Study scores reflect the relative performance of a student in that individual study, but make no comparison against students completing other studies. To select applicants fairly, institutions need an overall measure of the performance of students undertaking the VCE in all studies and in all combinations. Study scores are scaled to consider the different levels of competition in different studies.

When are scores scaled?

VCE studies are always scaled in the year in which you undertook them. This may not necessarily be in the year in which you receive your ATAR.

How study scores are scaled

  1. The VCAA collects your assessment results and uses them to calculate your VCE study scores.
  2. When VTAC receives your study scores from the VCAA, each study has been standardised. The average score for each study is 30.
  3. VTAC looks at the assessment data across all studies to make sure obtaining the average score in one study required the same level of achievement as every other study.
  4. When the data demonstrates the overall level of scores across studies doesn’t match, adjustments need to be made. This is the scaling process.
  5. If competition in a particular study was higher than the average level of competition across all studies – as indicated by the group of students performing higher in their other studies – study scores need to be adjusted upwards, otherwise students doing that study would be unfairly disadvantaged.
  6. Likewise, if competition in a particular study was lower than the average level of competition across all studies – as indicated by the group of students performing lower in their other studies – study scores need to be adjusted downwards, otherwise students doing that study would be unfairly advantaged.
  7. Once the study scores have been scaled, they are called scaled study scores. It is these scaled study scores that are used to calculate the ATAR.

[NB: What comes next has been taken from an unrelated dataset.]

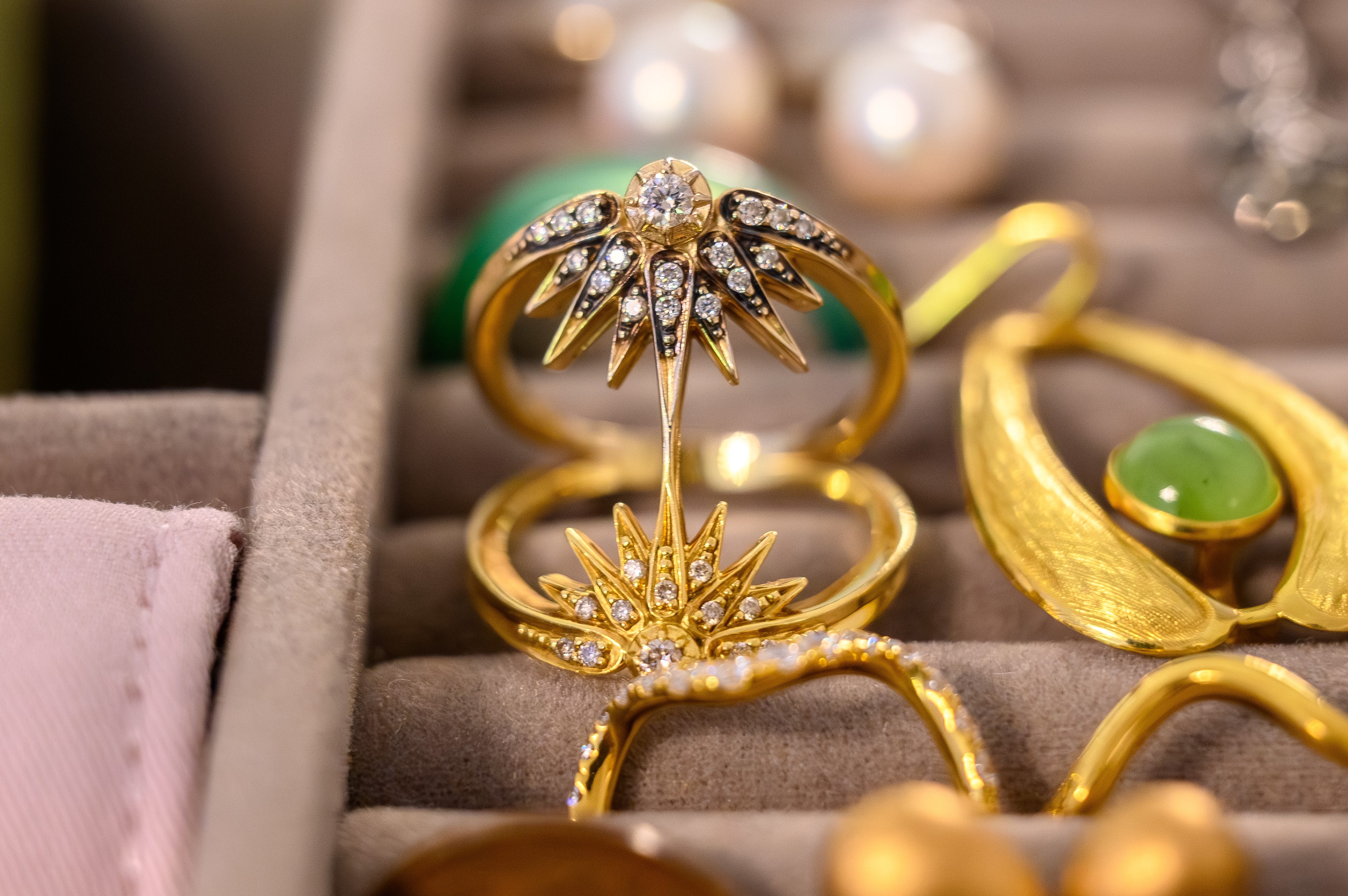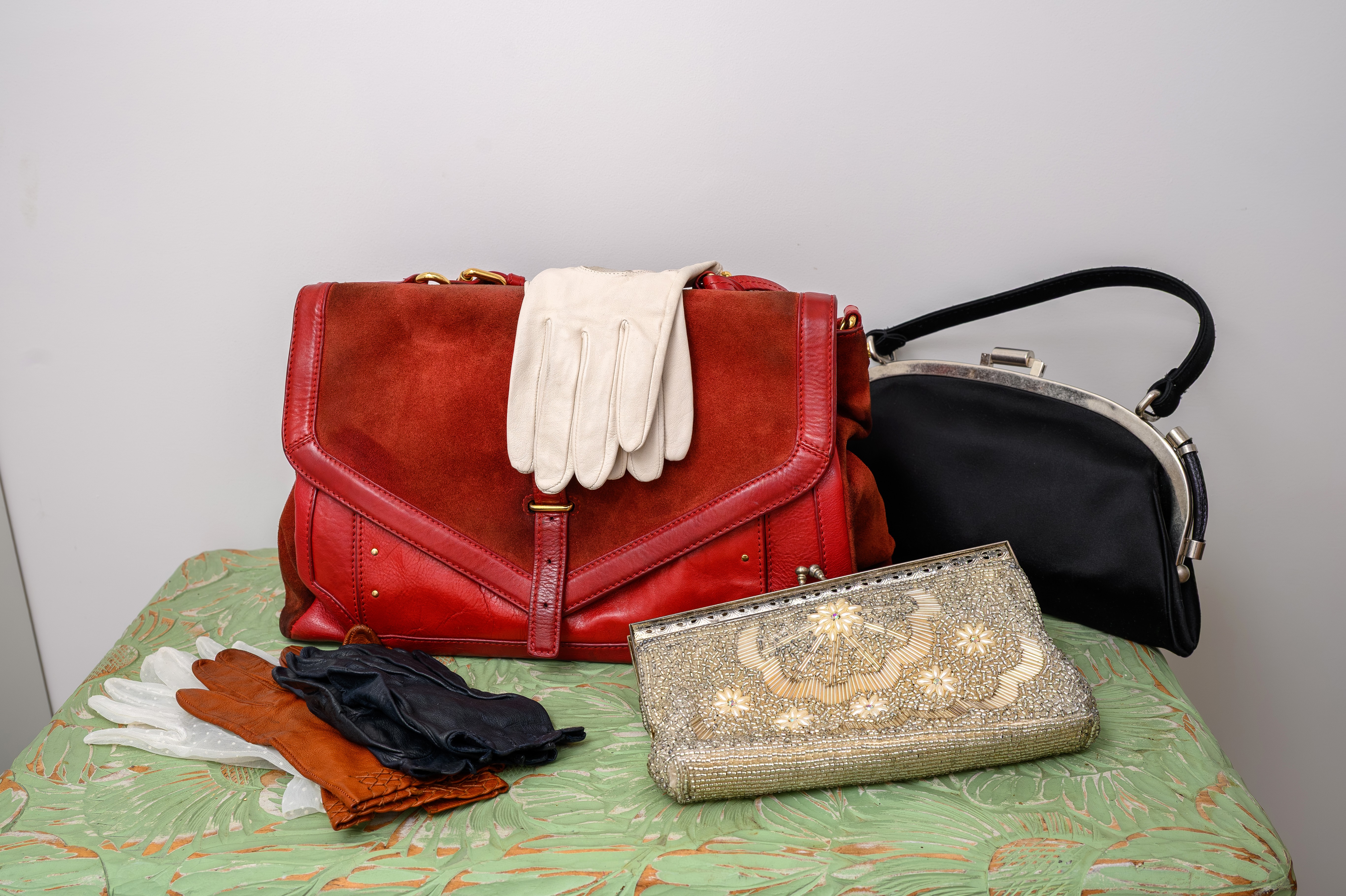 Käytössä on yhä punainen nahkalaukku, jonka äitini osti minulle Italiassa, kun olin 18-vuotias ja halusin bilelaukun. Arkilaukkuni on klassinen brittiläinen tummansininen Smythson. Hopeinen iltalaukkuni on Englannin-isoäitini, ja mustan laukun ostin palkkarahoillani Harrods-tavaratalosta, jossa olin nuorena kesätöissä. Matalat saapikkaat kuuluvat arkeen ja korot juhlaan. Van Cleef & Arpels -korvakorut sain lapsuudenperheeltäni, kun täytin 40 vuotta. Suomesta minulla on Kalevala-koruja. Ystäväni sanoo, että aina kun minulla on tukka kiinni nutturalla, olen kiireinen ja ajattelen.

The basics of scaling: an example

In scaling VCE Chemistry, VTAC follows the following process:

  1. The average VCE study score for all studies is 30. Therefore, Chemistry VCE study scores are calculated with a fixed average of 30, like every other subject.
  2. VTAC analyses the performance of Chemistry students in all their other studies, and calculates their overall average – across all their studies. In this example, Chemistry students’ overall average across all of their studies is 35.
  3. Because the overall average for Chemistry students is higher than 30, we can see that it was harder for Chemistry students to obtain the average (or above) in Chemistry than it was in their other studies. This means, to be fair, the average for Chemistry needs to be adjusted to the new average of 35.
  4. All Chemistry study scores are recalculated around the average of 35, producing scaled study scores for the study.

This process is repeated for every VCE and scored VCE VET subject every year.

Studies with additional scaling rules

The following studies attract additional scaling rules. Unless you like these studies and are good at them, choosing these studies simply because they are treated differently in scaling won’t automatically guarantee you a higher ATAR.

Mathematics: VCE mathematics studies are designed to cater for students of differing abilities and interests. Unlike other studies there is a distinct hierarchy of studies:

  • Specialist Mathematics is the most difficult
  • Followed by Mathematical Methods
  • And then Further Mathematics

To ensure that students undertaking the more difficult mathematics studies are not disadvantaged by the level of difficulty, all three mathematics studies are scaled against each other as well as being scaled against all other studies. The higher of the two resulting scales is used for each of the mathematics studies.

Languages: As a result of government policy to encourage the study of languages, each language is adjusted up by adding five to the initial VTAC scaled study score average. This does not mean that five points are added to the ATAR. What it does mean is that for study scores at, or close to, the score average of 30, the adjustment is 5. This adjustment is different for each study score and decreases as the study score moves away from 30.